* [Stored data entries]:
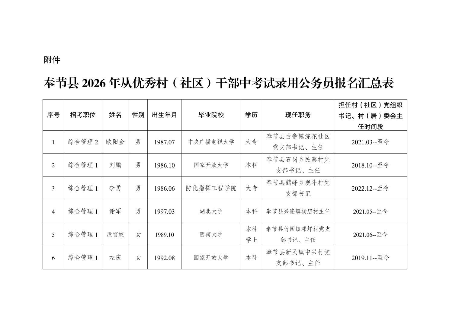 中共奉节县委组织部关于奉节县2026年从优秀村 (社区)干部中考试录用公务员报名人员公示
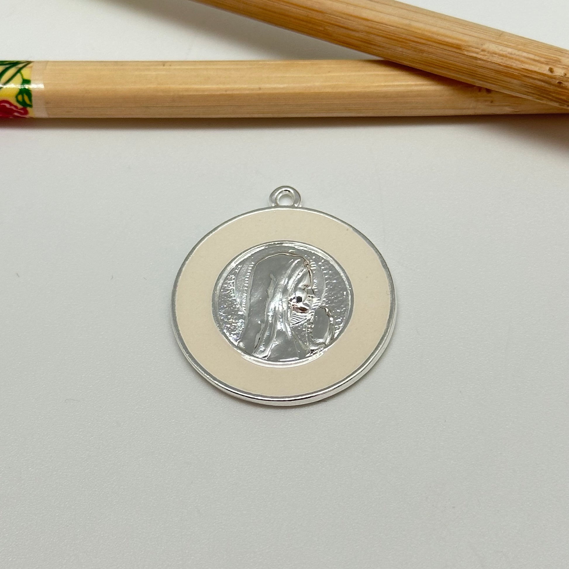 FP1040 Colgante Medalla Virgen Niña con Resina Color Hueso en borde dia. 27 mm mas argollita Figura Baño Plata
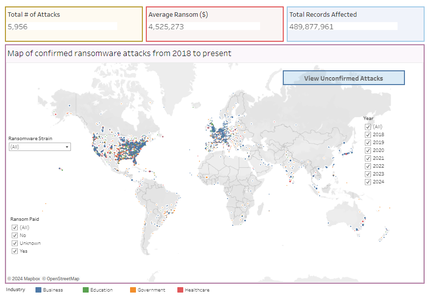| Year | Date | Company Name | Industry | Sub-Industry | City | Country | Records Affected | Ransom Paid | Ransom Amount | Ransomware Strain |
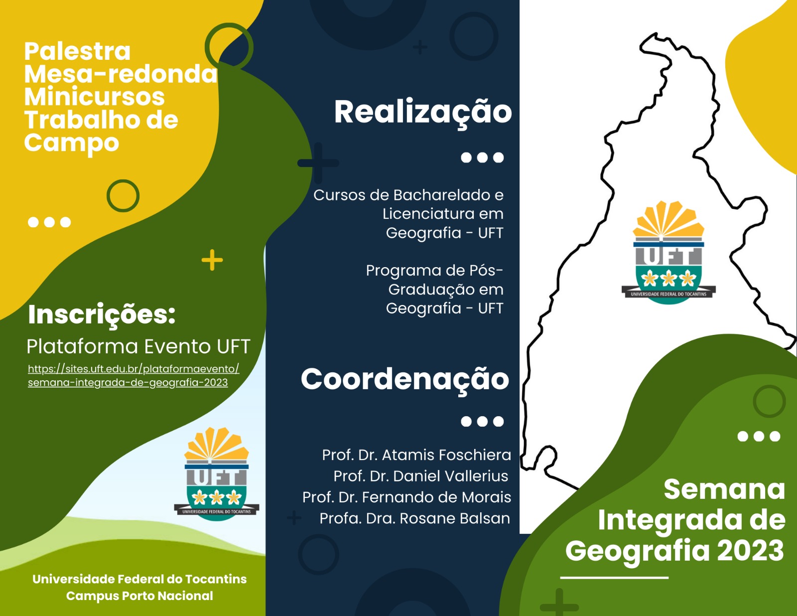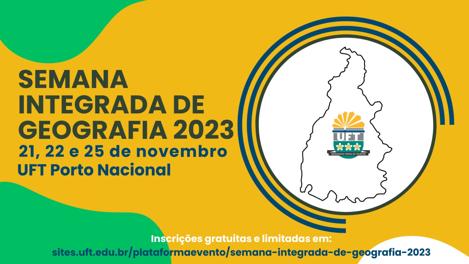 A Semana Integrada de Geografia 2023 será realizada nos dias 21, 22 e 25 de novembro, no Câmpus de Porto Nacional. Este evento é promovido pelos cursos de bacharelado e licenciatura em Geografia e pelo Programa de Pós-Graduação em Geografia (PPG/UFT). A programação é totalmente presencial e gratuita.
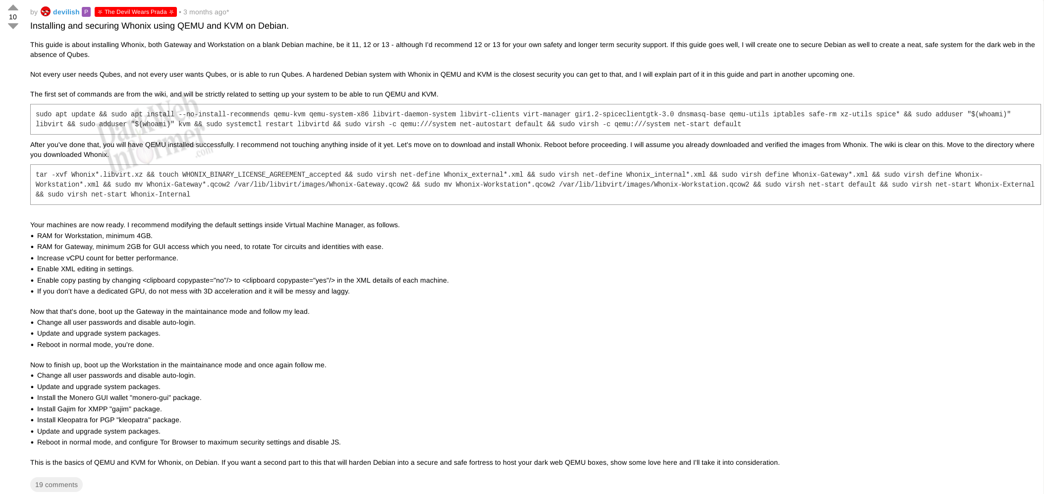 This is the basis of QEMU and KVM for Whonix, on Debian. If you want a second part to this that will harden Debian into a secure and safe fortress to host your dark web QEMU boxes, show some love here and I’ll take it into consideration."

* [WORK INSTRUCTION]: Retype the lines from the one containing "Ransomware Strain |" down to the last line of the records, both included, exactly and nothing more. Pictures stay out.

* [YOUR SOLUTION]:
| Year | Date | Company Name | Industry | Sub-Industry | City | Country | Records Affected | Ransom Paid | Ransom Amount | Ransomware Strain |
 A Semana Integrada de Geografia 2023 será realizada nos dias 21, 22 e 25 de novembro, no Câmpus de Porto Nacional. Este evento é promovido pelos cursos de bacharelado e licenciatura em Geografia e pelo Programa de Pós-Graduação em Geografia (PPG/UFT). A programação é totalmente presencial e gratuita.
 This is the basis of QEMU and KVM for Whonix, on Debian. If you want a second part to this that will harden Debian into a secure and safe fortress to host your dark web QEMU boxes, show some love here and I’ll take it into consideration."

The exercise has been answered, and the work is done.